Gleich­zei­tig wird mit­tels Was­ser­be­hand­lung die Ein­hal­tung der Ablauf­wer­te aus der Tal­sper­re am Pegel Brä­sin­chen gesi­chert. Die Eisen-gesamt-Kon­zen­tra­ti­on lag hier 2025 bei jah­res­durch­schnitt­lich 0,4 mg/L sowie ganz­jäh­rig klei­ner 2 mg/L und somit sta­bil unter­halb der Sicht­bar­keits­schwel­le für par­ti­ku­lä­res Eisen in der Spree. Bei Ein­hal­tung einer jah­res­durch­schnitt­li­chen Eisen-gesamt-Kon­zen­tra­ti­on von ≤ 1,8 mg/L gilt gemäß der „Ver­ord­nung zum Schutz der Ober­flä­chen­ge­wäs­ser“ (OGe­wV) in Umset­zung der Euro­päi­schen Was­ser­rah­men­richt­li­nie (EG-WRRL), der gute öko­lo­gi­sche Zustand bzw. bei stark anthro­po­gen (hier: berg­bau­lich) beein­fluss­ten Fließ­ge­wäs­sern das gute öko­lo­gi­sche Poten­ti­al, bezo­gen auf den all­ge­mei­nen che­misch-phy­si­ka­li­schen Para­me­ter (ACP) Eisen, als erfüllt.

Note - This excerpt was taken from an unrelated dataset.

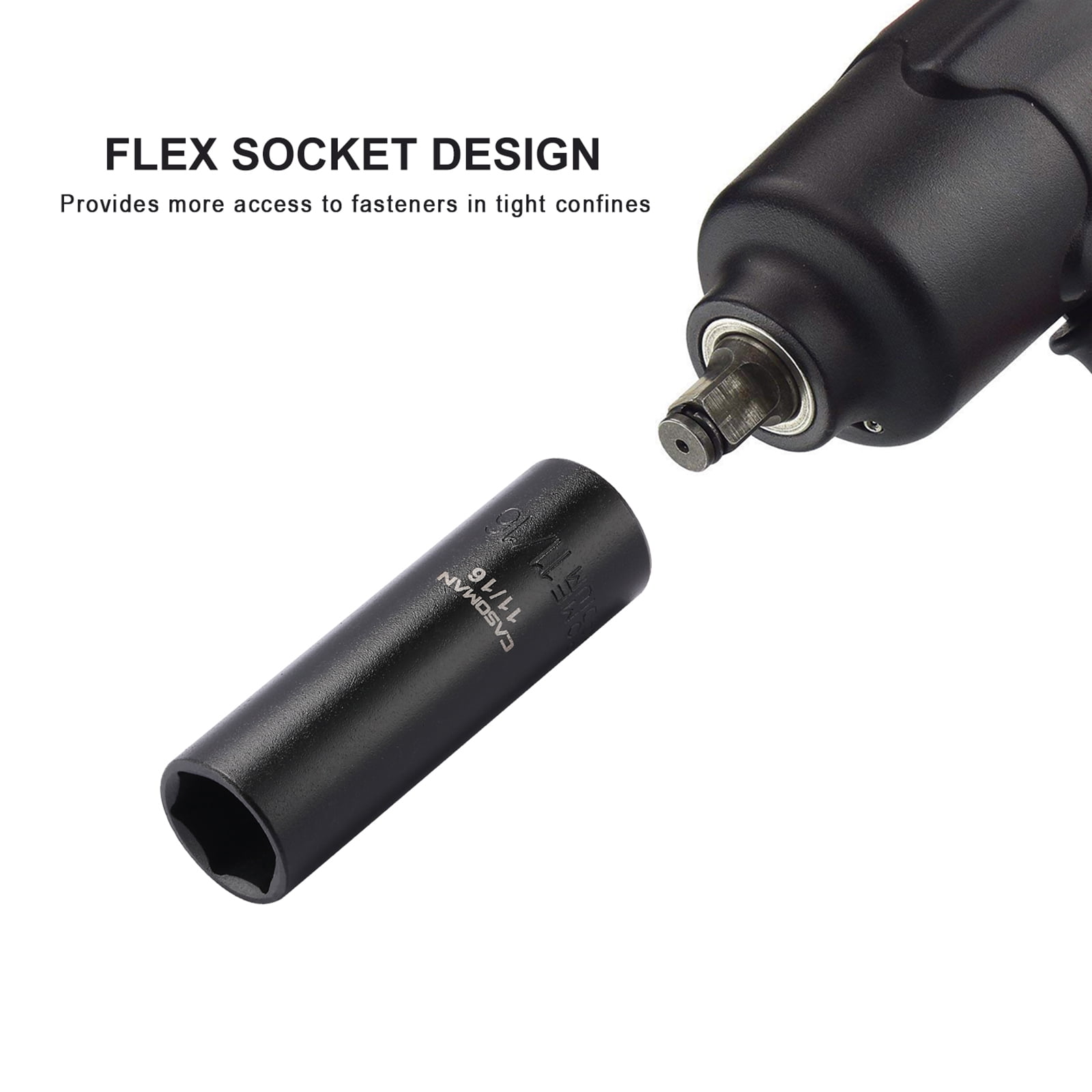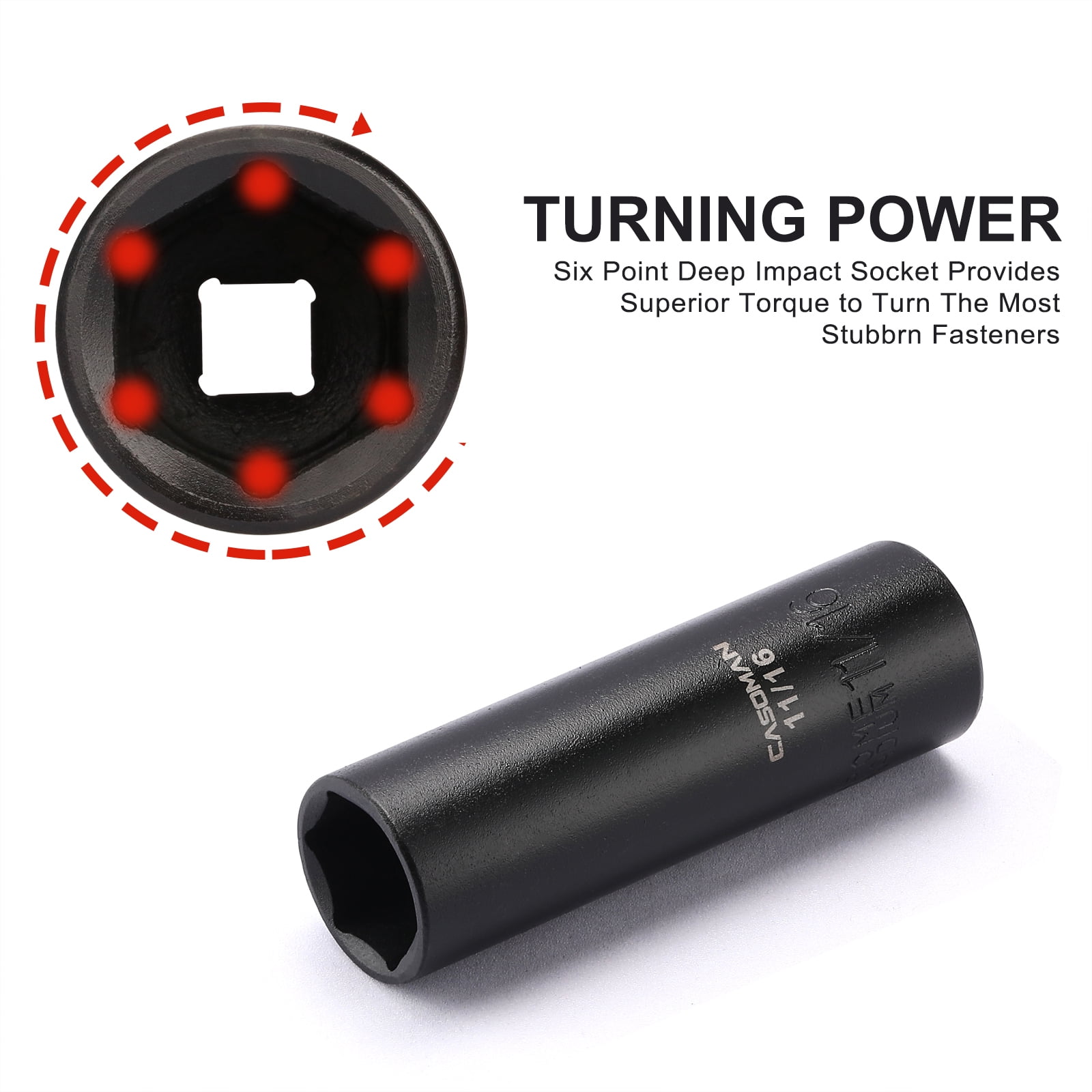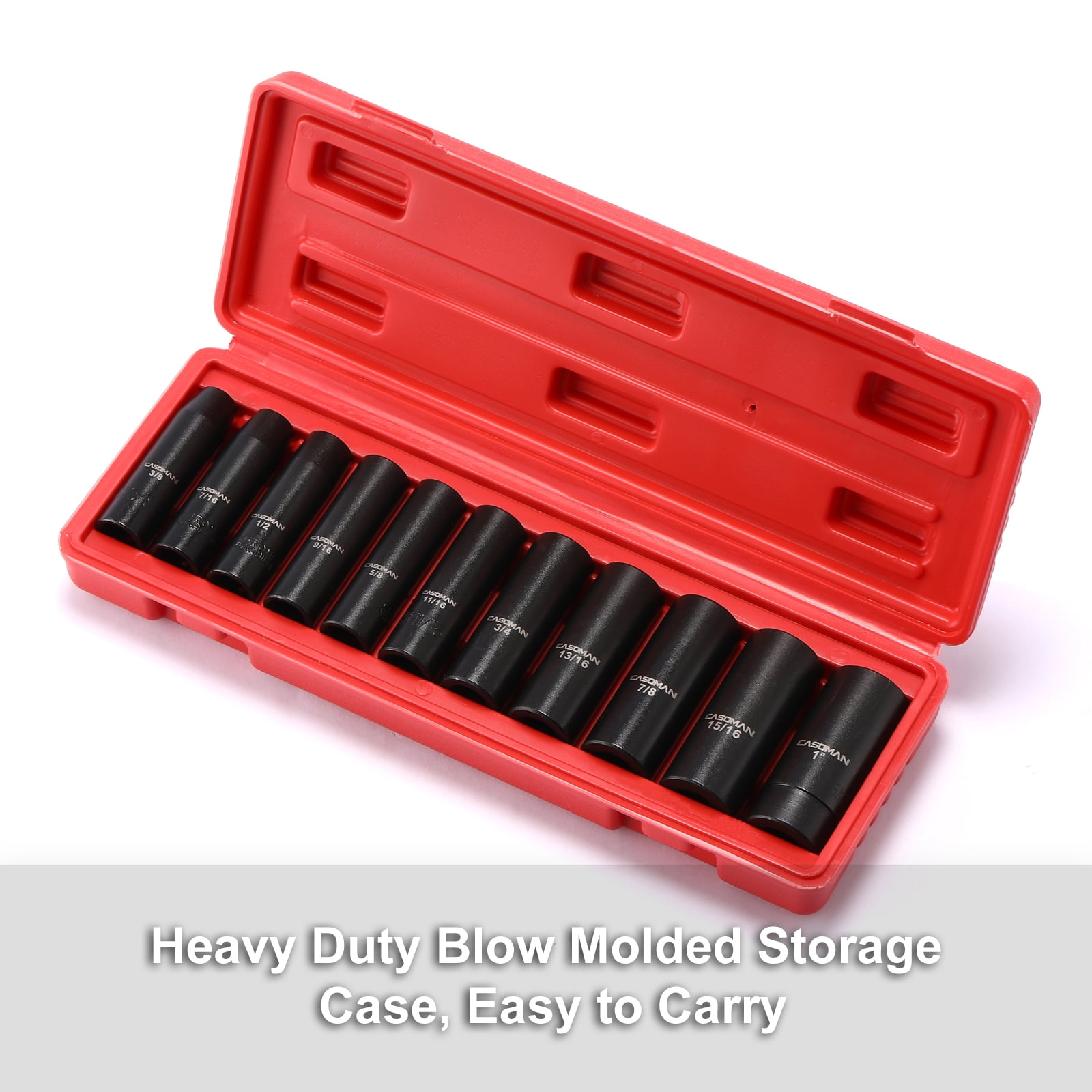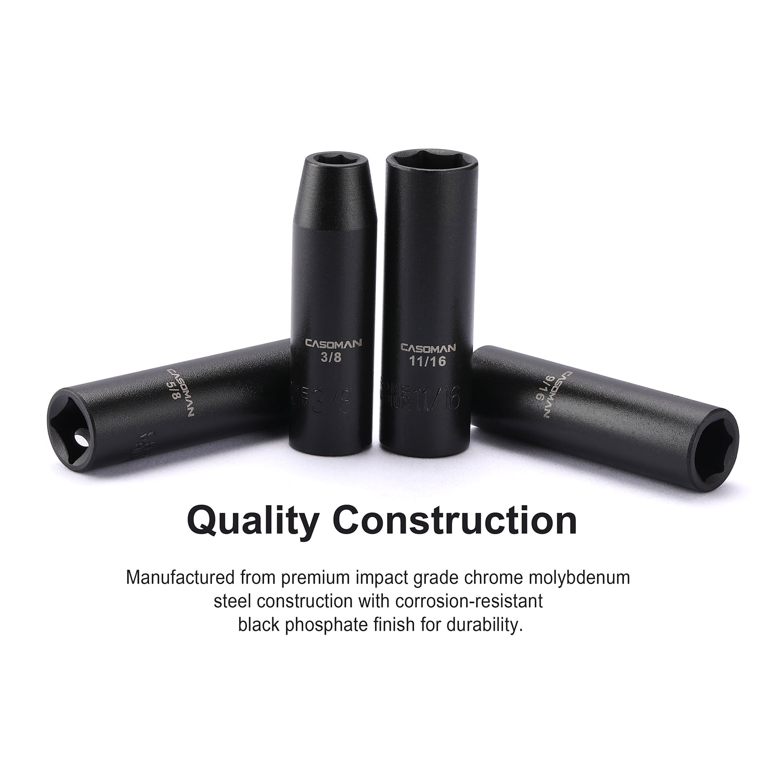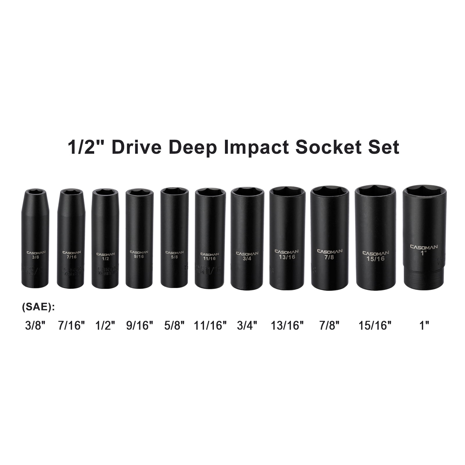 The CASOMAM 11 Pieces 1/2-Inch Drive Deep Impact Socket Set, CR-MO, SAE, 3/8-Inch to 1-Inch, which is made from drop forged and heat treated chrome vanadium steel(50BV30) with a corrosion-resistant black phosphate finish, 6-point flank drive design grips fastener more tightly on the flat sides and prevents rounding off at corners.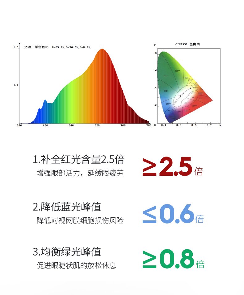 光源:LED三色变光+全光谱护眼

Die Tal­sper­re Sprem­berg (d.h. Vor- und Haupt­sper­re zusam­men) erziel­te dabei ins­ge­samt einen Eisen­rück­halt von cir­ca 88 Pro­zent bezo­gen auf die Immis­si­on, d.h. auf die Eisen­fracht, die im Spree­was­ser trans­por­tiert wird. Der durch die Kon­di­tio­nie­rung (hier: Kal­kung und Flo­ckung) geför­der­te Eisen­rück­halt in der Vor­sper­re Bühlow hat, bei ver­gleichs­wei­se mode­ra­ten Durch­fluss­men­gen der Spree von etwa 9 m³/s in 2025 sowie kon­ti­nu­ier­li­chen Teil­be­räu­mungs­leis­tun­gen mit­tels Saug-/Spül­bag­ge­rung im Vor­stau­be­cken, wie­der­um gut funk­tio­niert. In 2025 wur­den die Ein­zel­maß­nah­men zur Ent­nah­me, Ent­wäs­se­rung und fach­ge­rech­ten Ent­sor­gung von eisen­hy­dr­o­xid­be­las­te­ten Schläm­men (EHS = Eisen­hy­dr­o­xid­schlamm) in Pro­jekt­trä­ger­schaft der LMBV fort­ge­führt. Die gra­vi­ta­ti­ve EHS-Ent­wäs­se­rung als Regel­tech­no­lo­gie erfolg­te regu­lär in Ver­bin­dung mit dem Sedi­men­ta­ti­ons­be­cken II an der Vor­sper­re Bühlow. Der in 2025 an der Vor­sper­re als Bag­ger­gut ange­fal­le­ne EHS wur­den beprobt, ana­ly­siert und aus­nahms­los als nicht gefähr­li­cher Abfall einer stoff­li­chen Ver­wer­tung mit einer Gesamt­men­ge von rund 23.000 t zuge­führt. Die Rück­füh­rung des EHS in den Wirt­schafts­kreis­lauf gemäß dem „Gesetz zur För­de­rung der Kreis­lauf­wirt­schaft und Siche­rung der umwelt­ver­träg­li­chen Bewirt­schaf­tung von Abfäl­len“ (KrWG) erfolg­te in 2025 mit zwei Drit­teln der Gesamt­men­ge über­wie­gend als roh­stoff­li­che Ver­wer­tung, d. h. für die Her­stel­lung von Pro­duk­ten (Eisen­prä­pa­ra­te) zur Gas­rei­ni­gung (Ent­schwe­fe­lung) in Bio­gas­an­la­gen. Etwa ein Drit­tel der Gesamt­men­ge wur­de bau­stoff­lich ver­wer­tet, d. h. als Zuschlag­stoff zur Her­stel­lung mine­ra­li­scher Ersatz­bau­stof­fe (MEB).

Der Ein­satz von Flo­ckungs- und Flo­ckungs­hilfs­mit­teln (Weiß­fein­kalk und Koaret PA 3230 T) wird im Hin­blick auf die aqua­ti­schen Lebe­we­sen durch ein fische­rei­bio­lo­gi­sches Moni­to­ring in der Tal­sper­re Sprem­berg über­wacht, um even­tu­el­le Aus­wir­kun­gen der Was­ser­be­hand­lung auf Fische und Groß­mu­scheln sowie auf das Makro­zoo­ben­thos fest­zu­stel­len bzw. aus­zu­schlie­ßen. Im Sep­tem­ber 2025 wur­de das im Jahr 2014 begon­ne­ne Moni­to­ring nun bereits im zwölf­ten Jahr fort­ge­setzt. Der vor­lie­gen­de Zwi­schen­be­richt für das Jahr 2025 stellt die dabei erziel­ten Ergeb­nis­se vor und ver­gleicht sie mit denen der Vor­jah­re. Bei zusam­men­fas­sen­der Betrach­tung erge­ben sich auch im Zwi­schen­be­richt 2025 kei­ne Hin­wei­se auf direk­te nega­ti­ve Zusam­men­hän­ge zwi­schen der Was­ser­be­hand­lung und den Fisch‑, Ben­thos- und Groß­mu­schel­be­stän­den in der Tal­sper­re Sprem­berg. Im Ein­klang mit den Vor­jah­res­er­geb­nis­sen kann des­halb der Schluss gezo­gen wer­den, dass die Vor­tei­le einer ver­bes­ser­ten Eisen­rück­hal­tung, die mit den Was­ser­kon­di­tio­nie­rungs­maß­nah­men even­tu­ell noch vor­han­de­nen Rest­ri­si­ken für Fische und ande­re aqua­ti­sche Orga­nis­men bei wei­tem auf­wie­gen (sie­he dazu den Moni­to­ring­be­richt 2025 zum Fisch­be­stands- und Ben­th­os­mo­ni­to­ring in der Tal­sper­re Sprem­berg vom Insti­tut für Bin­nen­fi­sche­rei e.V. [IfB] Pots­dam-Sacrow).